Today, the curriculum in Massachusetts high schools lacks a critical base of financial education. We do an excellent job of educating students to write, understand statistics and math, world history and civics, and complex science relationships; however, we have neglected to educate them as to how money works and how to make good decisions with their money. Managing money can be just as confusing and complicated as science or math for many, and the cost of this lack of knowledge can be very high. Poor decisions with money multiply and the cost can be staggering to some individuals. Many young people dig themselves into a financial hole that becomes very difficult to exit over time.

At Salem High School, students have the option to choose an elective course that allows them to build their knowledge of money and how investing works. This is wonderful for those who take the course, however, only about 10 percent to 15 percent (my estimate) of high school seniors enroll in this course, and most graduate without any exposure to this critical knowledge.

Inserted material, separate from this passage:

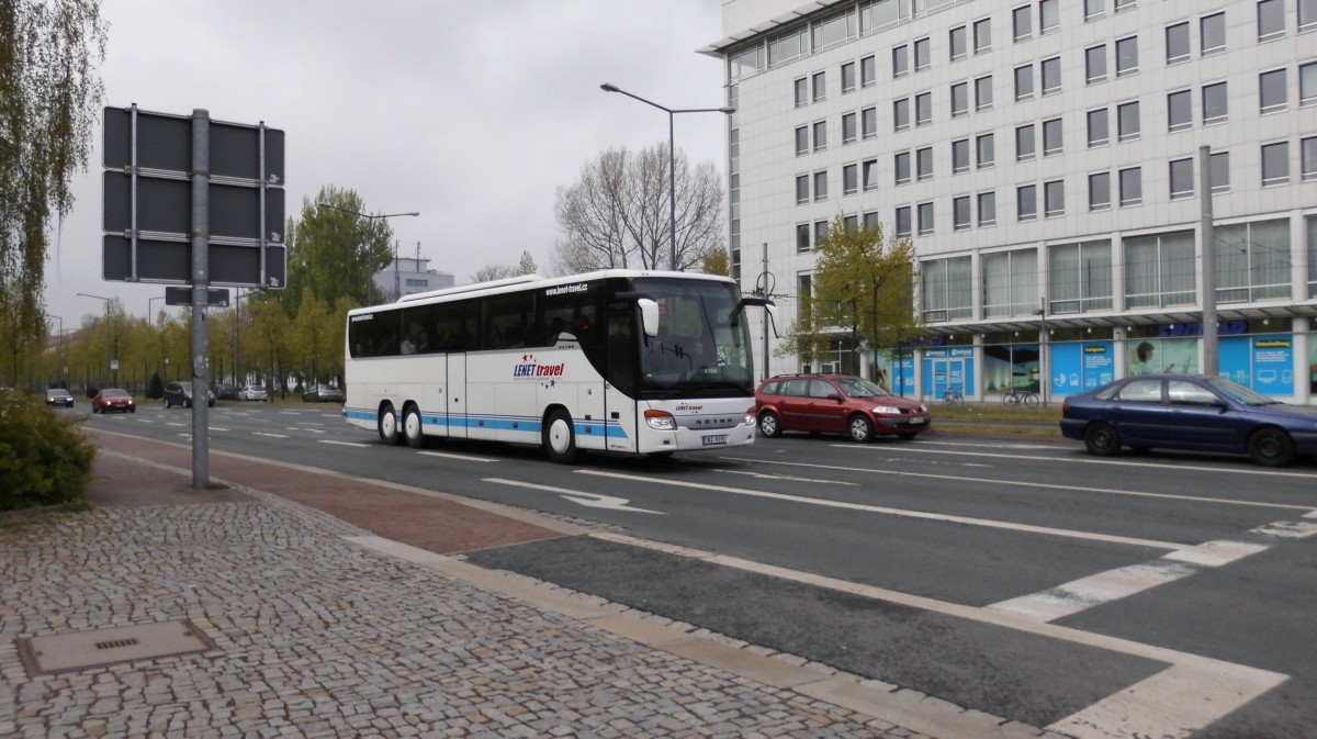 Setra S416 GT-HD von Lenet-Trading Karlovy Vary am 12.04.2013 vor dem Dresdner Hauptbahnhof

The basic financial skills high school seniors need to be exposed to is as follows:

What is money and how do you manage it?

How do you balance a checkbook?

What are bank fees, overdrafts charges?

What does it mean to borrow money?

What is the difference between daily interest, weekly and monthly interest rates?

What is the concept of compound interest?

What are the basics of having a credit card?

How does the stock market work?

How does one invest in a stock or a bond?

What mistakes should investors avoid?

We are speaking out now on behalf of the hundreds of seniors who graduate each year from 12 years of education in Salem and across Massachusetts without adequate financial education.

We place a high value on traditional education; however, one very basic education component of money and financial literacy is ignored. We are asking the Salem school system and, eventually, the state of Massachusetts to correct this deficiency and institute a mandatory course of education that will create a base level of financial literacy that must be taken before a student graduates. We believe it would be possible to teach most of this curriculum in a full one-semester course. It should optimally be hands-on education that uses as many real-world experiences as possible.